Frommi / miniz_oxide

Rust replacement for miniz
MIT License
168 stars 48 forks source link

Improve block type selection algorithm #100

Open claudiosdc opened 3 years ago

claudiosdc commented 3 years ago

I am currently developing a library that uses data compression, and to handle that task I have chosen to use the flate2 crate with its default compression backend, miniz_oxide.

While in the process of writing unit tests for my library, I noticed that a particular piece of data was not generating the expected compression result. After further investigation, I realized that the data produced from the compression was made of a single non-compressed data block.

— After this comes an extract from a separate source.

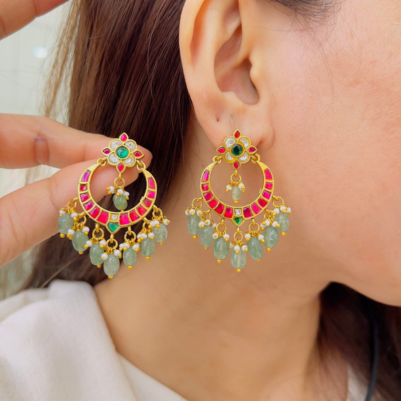 Inspired by royal craftsmanship, these Jadau earrings reflect elegance and tradition, Perfect for weddings, celebrations, and occasions where you want to stand out gracefully.

That same data, however, when compressed using zlib, produces a different result, which is comprised of one compressed data block.

This can be verified using the code snippet below.

    #[test]
    fn it_compress_issue() {
        let data = r#"{"status":"success","data":{"messageId":"mg9x9vCqYMg9YtKdDwQx"}}"#.as_bytes();

        // Compression using 'miniz_oxide' crate directly
        let compressed_data = miniz_oxide::deflate::compress_to_vec(data, 9);

        assert!(compressed_data.len() > data.len());
        assert_eq!(&compressed_data.as_slice()[5..], data);

        // Compression using 'flate2' crate with 'zlib' feature enabled
        let mut enc = flate2::read::DeflateEncoder::new(data, Compression::default());
        let mut compressed_data_2 = Vec::new();

        enc.read_to_end(&mut compressed_data_2).unwrap();

        assert!(compressed_data_2.len() < data.len());
    }

This might be related to issue #77, I guess.

oyvindln commented 3 years ago

Yeah it might similar to what causes differences in #77, the block selection algorithm being a bit too dumb. You could check by seeing if you get the same result with the C miniz backend (or C miniz with same settings).

oyvindln commented 3 years ago

Yeah, looked at it a bit, it's due to the simpler block selection algorithm in miniz_oxide (and C miniz). May change it to do a more thorough check like zlib, though it requires a little restructuring.